» PROBLEM
Go to the line containing "Состоит из небольшой" and retype it and every later line exactly as written, up to the last line of the entries. Keep pictures out.

» INPUT DATA

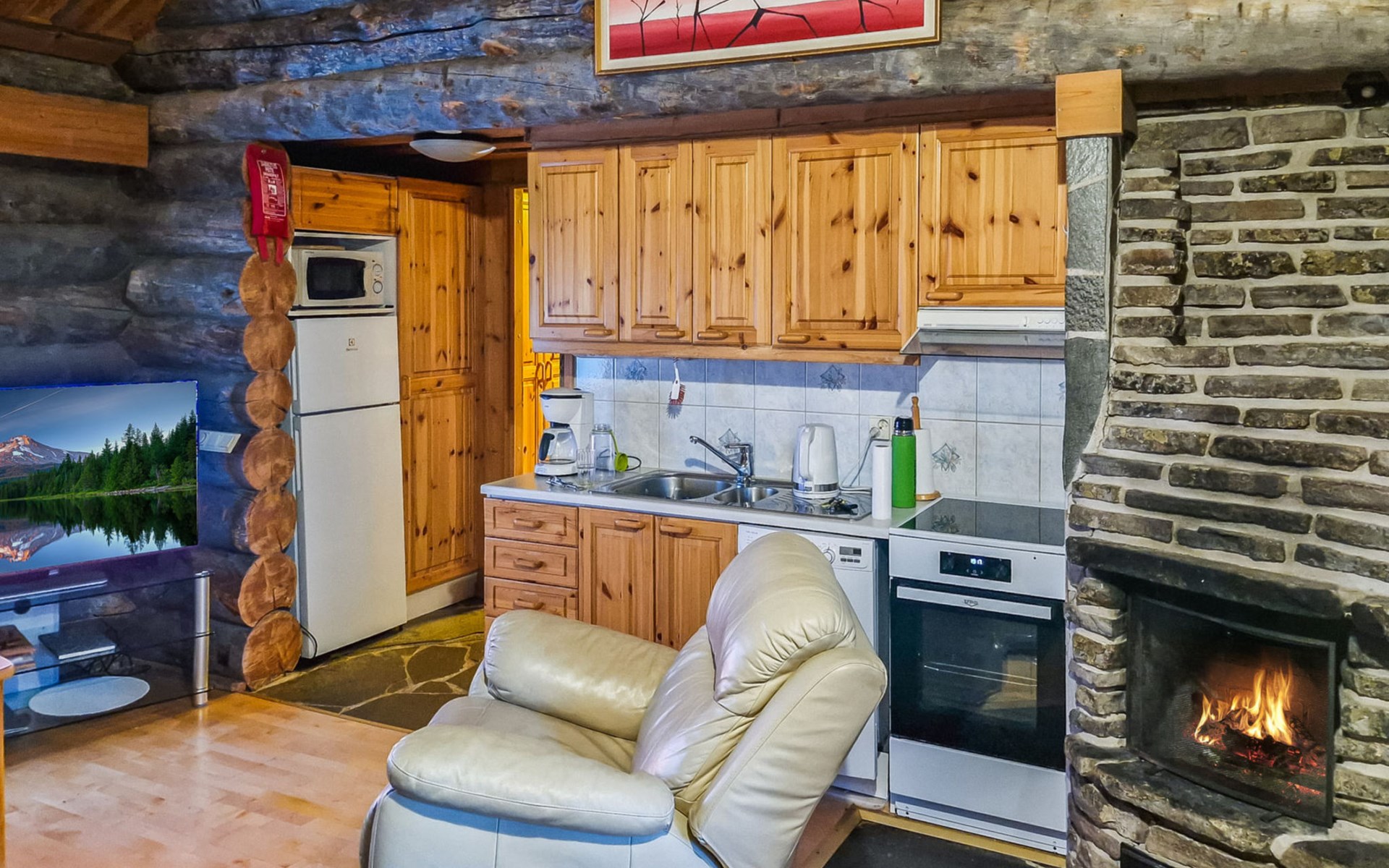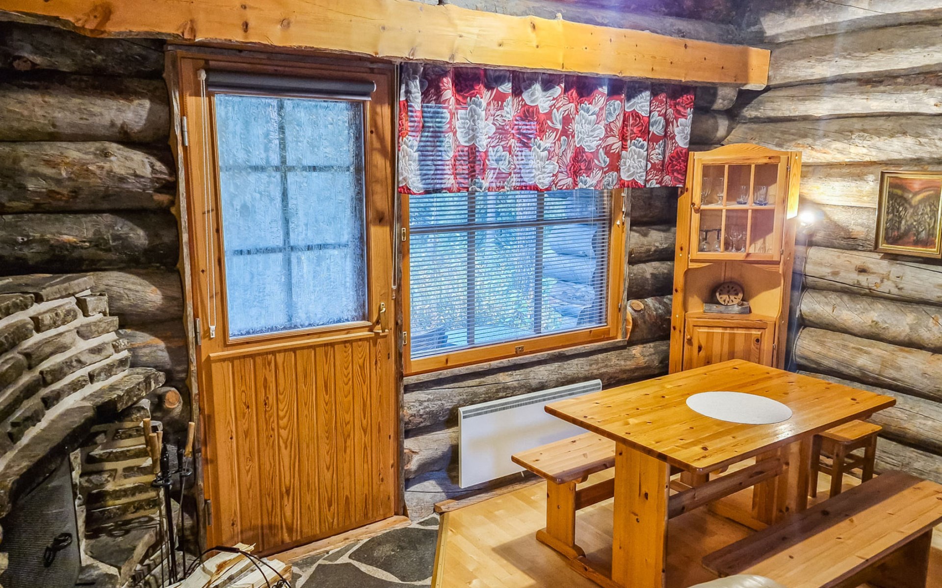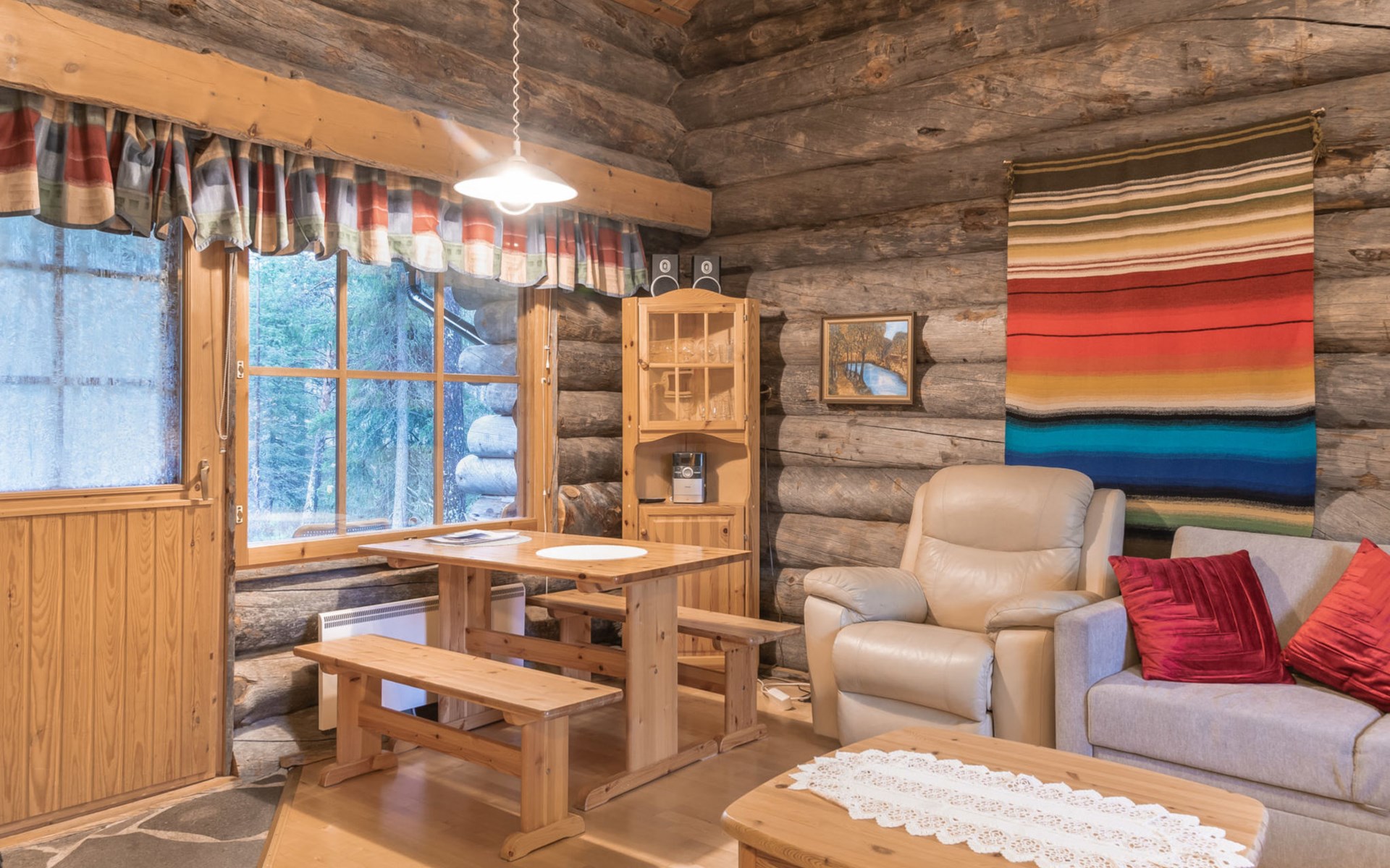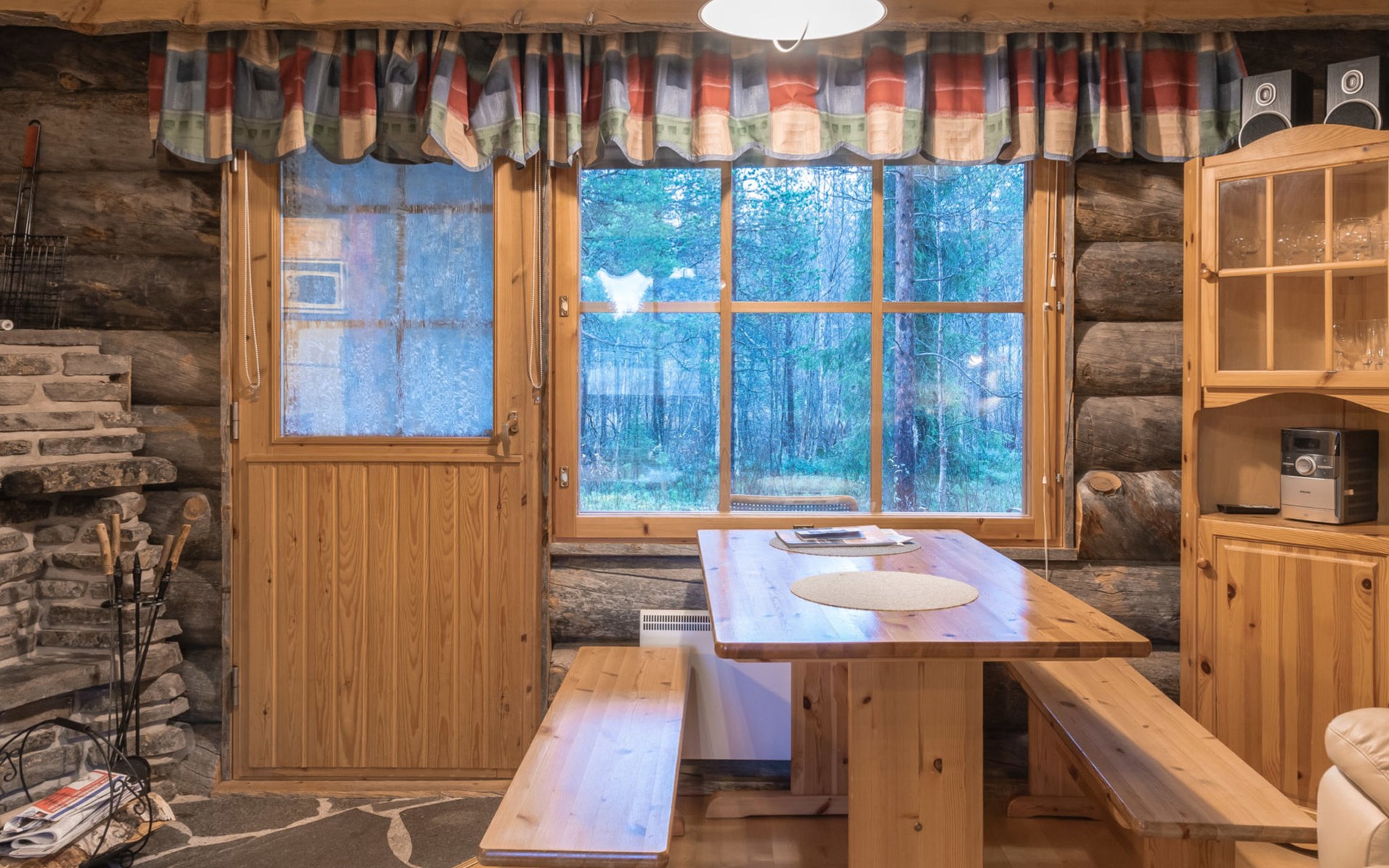 Living room with sofa bed (sleeping area spread out 140x200 cm), 15 m² loft has two sleeping areas, separated by partition wall, one area with bunk bed, another (lower one) with double bed (width 160 cm). Sauna with electric stove, bathroom/toilet, hallway and small covered porch. Narrow staircase, rather steep stairs to the loft.
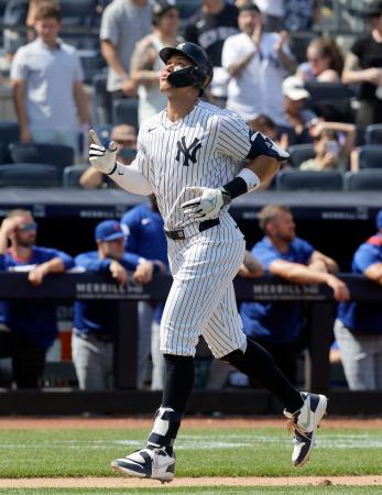 ヤンキースのジャッジが12日、大リーグ史上最速の出場1088試合目で通算350本塁打に到達した。カブス戦の九回1死二塁で、高めの直球を右中間席へ放り込む今季35号を放った。
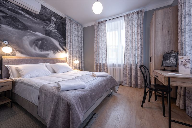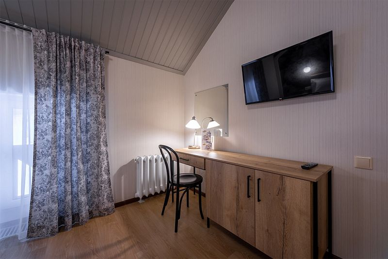 Состоит из небольшой прихожей, комнаты, санузла с душем. В номере возможно комфортное размещение двух гостей.
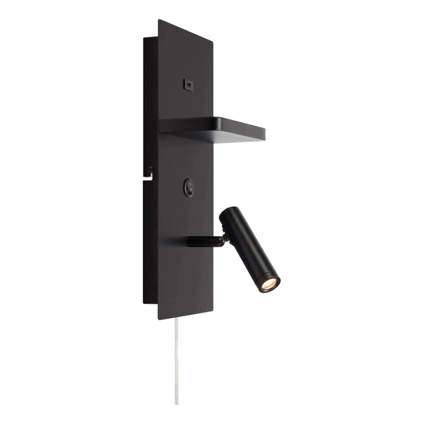 Markslöjd 109018 - LED-seinävalaisin CARICA 4W/230V, hyllyllä ja USB-portilla, musta | Alasans
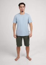 Мужские удлиненные шорты (бриджи) из трикотажного полотна с эффектом "варенки". Модель с боковыми карманами, на притачном поясе с отстроченной с эластичной тесьмой и шнуром в нем для регулирования степени прилегания.
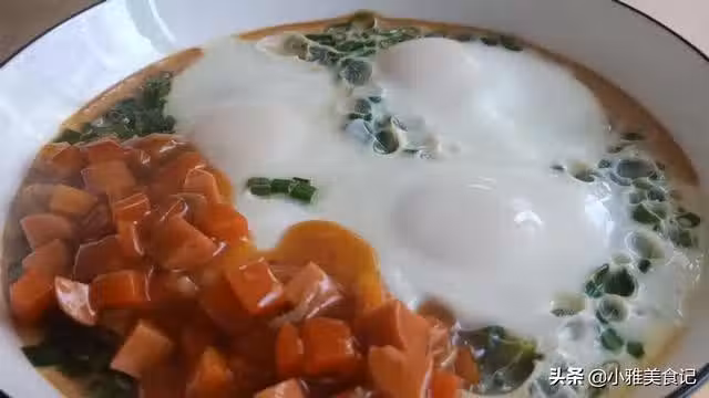 2、裡面的配菜可以根據自己喜歡的菜品去調換,像火腿腸可以換成胡蘿蔔。
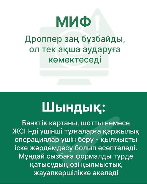 2025 жылғы 16 қыркүйектен бастап Қазақстанда дропперлік үшін жеке қылмыстық жауапкершілік енгізілгенін білу маңызды (ҚР Қылмыстық кодексінің 232-1-бабы).
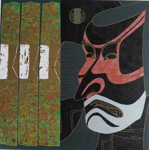 estampas de tecidos japoneses colados sobre as telas. Nessas obras, feitas de
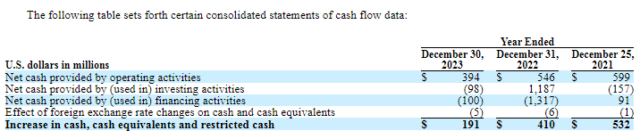 據了解,2023 年末,Mobileye 經營活動中提供的現金、現金等價物和受限制現金凈增加 1.91 億美元。

» SOLUTION FOR THIS TASK
 Состоит из небольшой прихожей, комнаты, санузла с душем. В номере возможно комфортное размещение двух гостей.
 Markslöjd 109018 - LED-seinävalaisin CARICA 4W/230V, hyllyllä ja USB-portilla, musta | Alasans
 Мужские удлиненные шорты (бриджи) из трикотажного полотна с эффектом "варенки". Модель с боковыми карманами, на притачном поясе с отстроченной с эластичной тесьмой и шнуром в нем для регулирования степени прилегания.
 2、裡面的配菜可以根據自己喜歡的菜品去調換,像火腿腸可以換成胡蘿蔔。
 2025 жылғы 16 қыркүйектен бастап Қазақстанда дропперлік үшін жеке қылмыстық жауапкершілік енгізілгенін білу маңызды (ҚР Қылмыстық кодексінің 232-1-бабы).
 estampas de tecidos japoneses colados sobre as telas. Nessas obras, feitas de
 據了解,2023 年末,Mobileye 經營活動中提供的現金、現金等價物和受限制現金凈增加 1.91 億美元。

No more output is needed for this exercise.